David Myers is taking his Frenchie-pants concept Comme Ça to Orange County in November. The new venue, tucked into the Offices of South Coast Plaza, will be larger then the original, seating 322. • Govind Armstrong, Chris Heyman, and Joshua Woodward shuttered Table 8 in May, with plans to relocate to 8155 Melrose Ave. by the end of summer. In June the trio respun the original location at 7661 Melrose Ave. as 8 Oz., a gentrified burger joint where house-ground Black Angus beef gets designer treatment (it's stored in a Himalayan salt tiled meat locker before hitting a wood-fired grill). • Tim and Liza Goodell (Domaine Restaurants) and partners director Joseph "McG" McGinty Nichol, local real estate developer Chris Brigandi, and singer Mark McGrath last year acquired one of Newport Beach's oldest restaurants, The Arches, and transformed it in May into A Restaurant, with a retro design and a menu of refined comfort food by exec chef Vartan Abgaryan (a Red Pearl Kitchen alum). Shelly Register, corporate pastry chef at Domaine Restaurants, is doing A Restaurant's desserts and is culinary director at A Market, the gourmet shop next door.
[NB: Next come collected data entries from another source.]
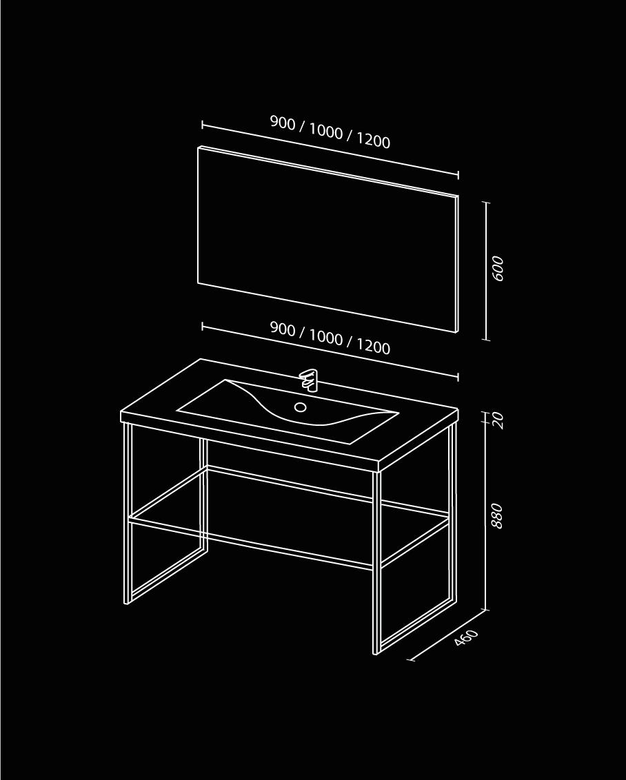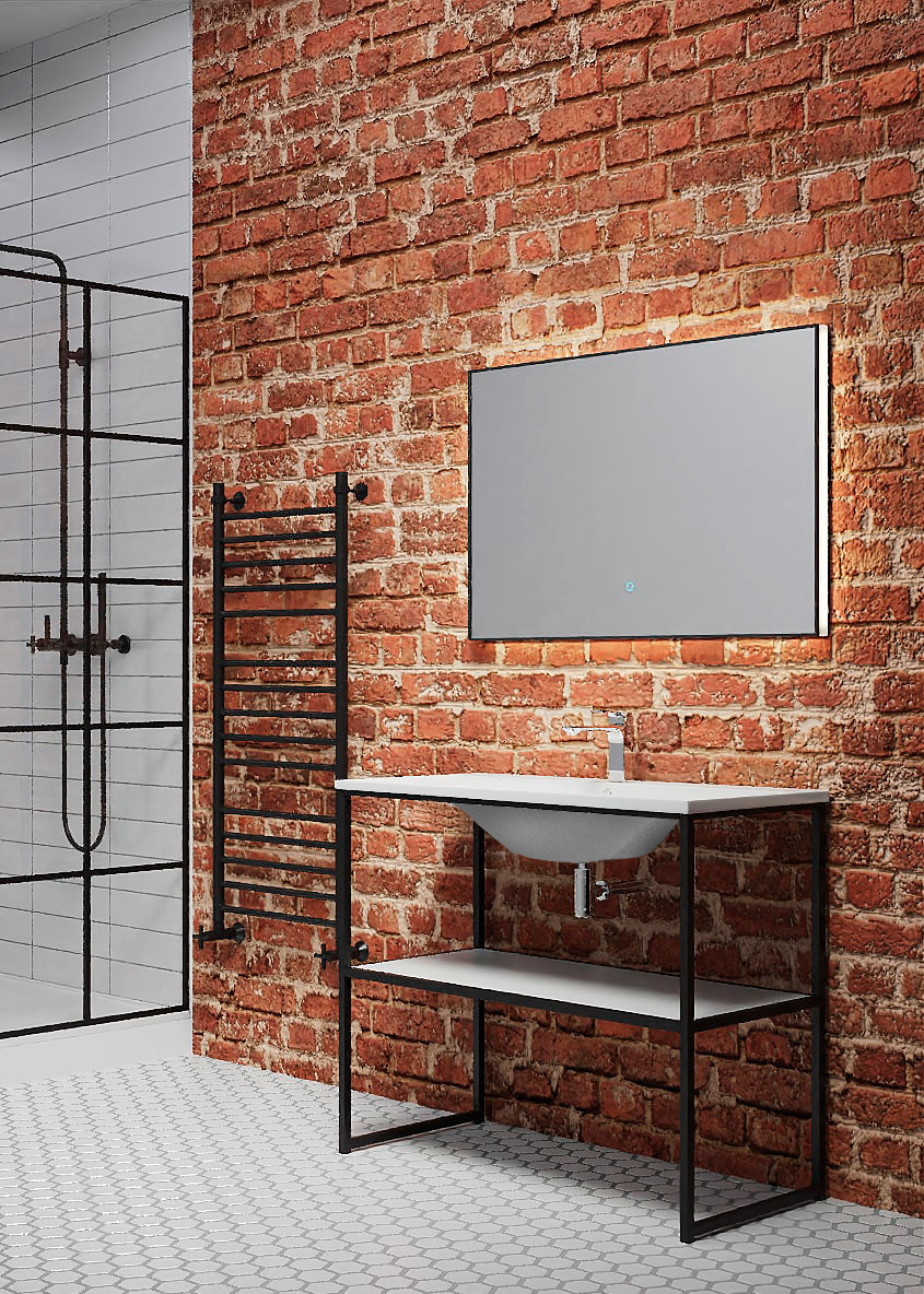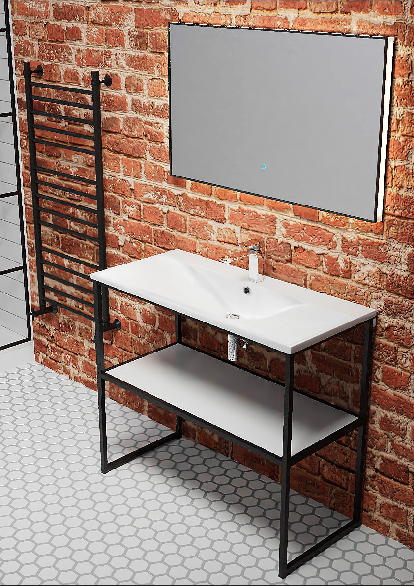 Коллекция мебели Бостон предназначена для любителей стиля Лофт. Каркас тумбы выполнен из стального профиля окрашенный черной порошковой краской. Нижняя часть тумбы оснащена полкой, которая может быть выполнена как из ЛДСП компании EGGER, так и из стекла (6мм). Тумба укомплектована керамической раковиной, которая также входит в стоимость комплекта.
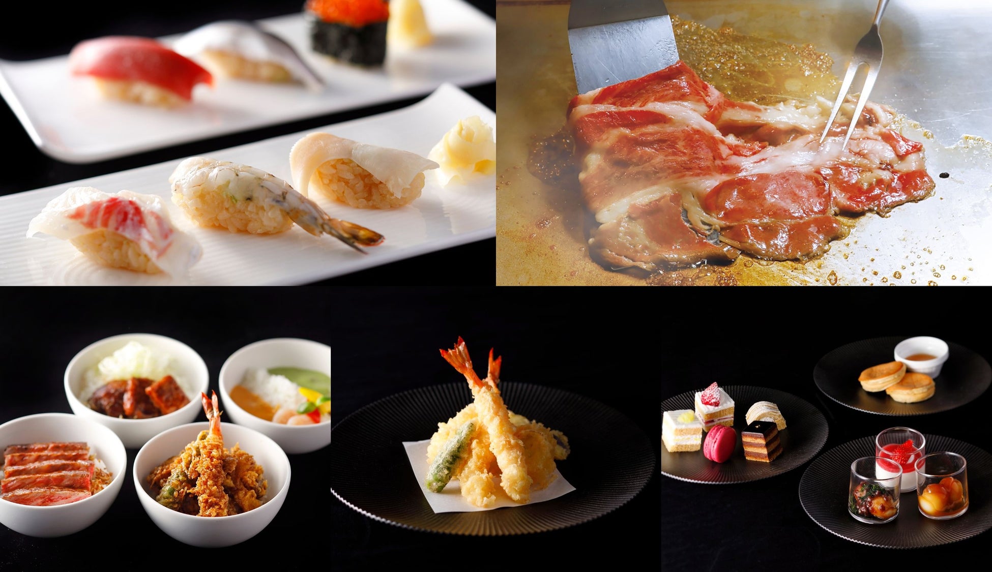 中央のオープンキッチンからは、ホテル伝統のローストビーフや、オーダーを受けて職人が握るお寿司、揚げたての天ぷら、鉄板焼など、すべて出来立てでご提供いたします。王道メニューに加えて、クリスマス限定メニューもご用意しているので、ホリデーシーズンならではの多彩なメニューをお楽しみください。
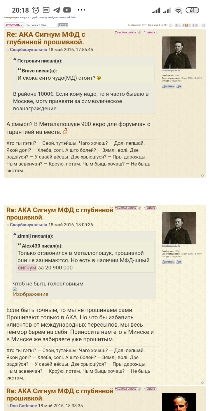 QUOTE(Anatolichh @ Feb 3 2021, 20:09) Мне помнится вы когда-то восхваляли глубинную программу на сигнуме МФД. И даже на белкладе, я из РБ и больше на белкладе сижу Восхвалял? Не выдумывайте. Давайте так, приведите конкретный пост и тогда поговорим. А так, тут столько любителей придумать то, чего не было. -------------------- А ты что,рассчитывал здесь увидеть живого епископа?!
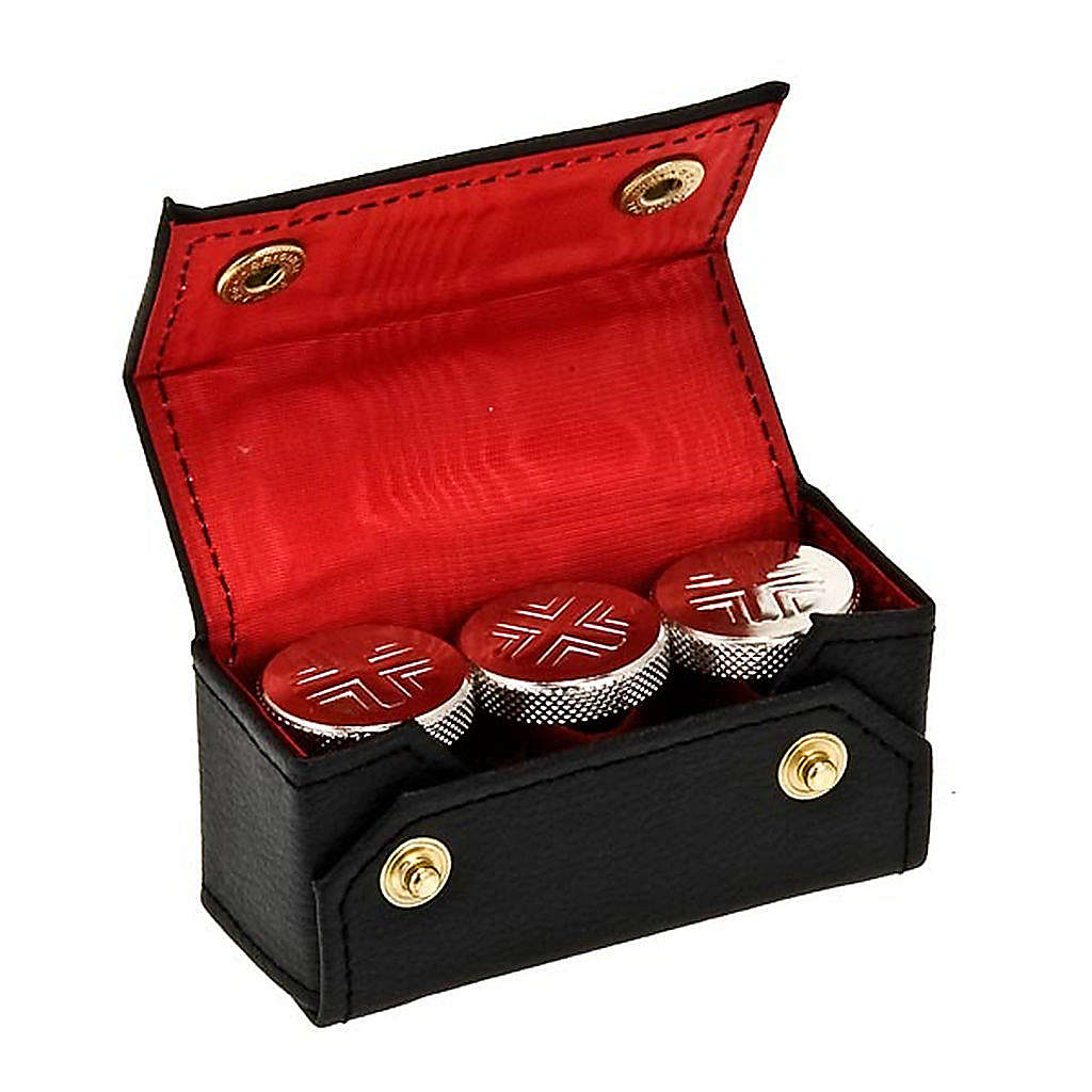 Vase pentru uleiuri sfinte in husa neagra si interior rosu
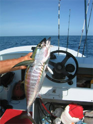 Jeudi, Rodolphe et moi nous échappons à Tartane et allons à la pèche au gros (un sport qui nous est bien destiné comme son nom l’indique) avec un ami du cousin de Dom (vous avez suivis ? C’est pas grave). Cet ami, Yves, est féru de pêche sportive. Tous les deux jours sur l’eau, il a même implanté des DCP, dispositifs de concentration de poissons : des objets flottants entre deux eaux, ancrés par 2500 mètres de fond, qui recréent un écosystème et attirent au final des gros poissons.
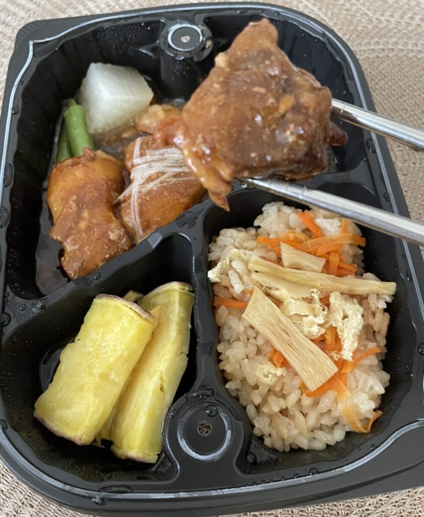 Mealsミールズのお弁当はとても家庭的で、例えばポークチャップは家で使う普通のケチャップの味とか大根とちくわの煮物の味付けも普段の家庭の知っているお料理の”味”がします。うちのごはんの美味しさです。
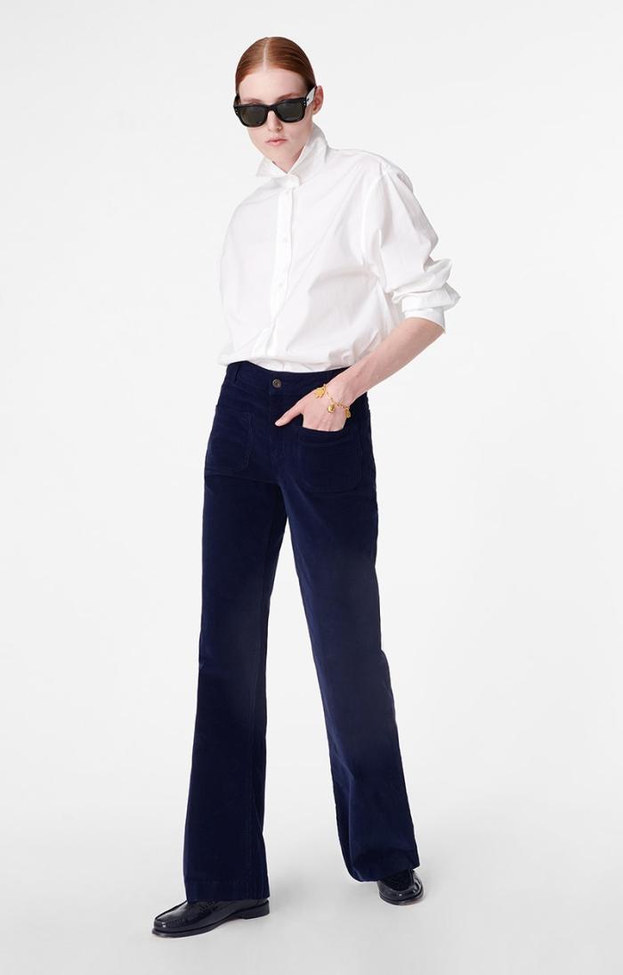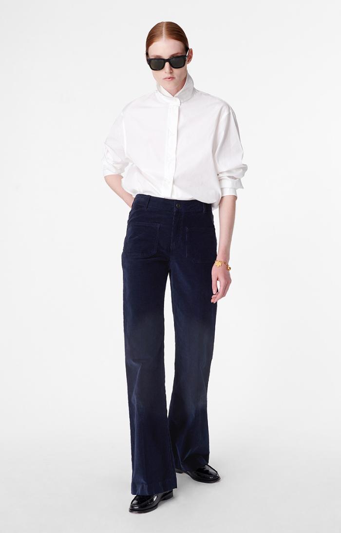 A classic from Vanessa Bruno, the Dompay trousers have been redesigned this season in a corduroy that is both chic and delicate. They have the same high waist, same flare cut, same timeless style: this revisited essential can be worn with a pair of trainers as well as your favourite ankle boots.

In September the indefatigable Alain Ducasse will unveil a sibling of his NYC hit, Adour, going into the old Lespinasse space in the recently restored St. Regis Washington, D.C. Details are few, but thus far we hear that The Rockwell Group is designing the 60 seat dining room and 40 seat bar. • Gus DiMillo, David Wizenberg, and exec chef Jeff Tunks, partners of Passion Food Hospitality (operators of Acadiana, Ceiba, DC Coast, and TenPenh), are adding a global seafood concept, PassionFish, to their roster in September at the Reston Town Center (Reston, VA). Christopher Clime will leave the Acadiana kitchen to helm PassionFish as chef de cuisine. • To refine their new British gastropub concept opened in July, Commonwealth (1400 Irving St. N.W.), chef/owner Jamie Leeds (Hank's Oyster Bar) and operating partner Sandy Lewis (who's also partner at the Alexandria outpost of Hank's) underwent a fact-finding culinary reconnaissance mission to London. The result is an updated farm-to-table approach to such classics as potted shrimp, Scotch eggs, and fish and chips, a broad selection of beer, and board games and live music to divert. • After a $12 million face-lift, The Liaison Capitol Hill, An Affina Hotel reopened in April. And in September, Art Smith, who made his name as Oprah's personal chef before opening Table Fifty-Two in Chicago (and who's said to be refueling the Obamas), will be chef at the yet-to-be-named 248 seat restaurant that will honor the Southern threads in mid-Atlantic cuisine.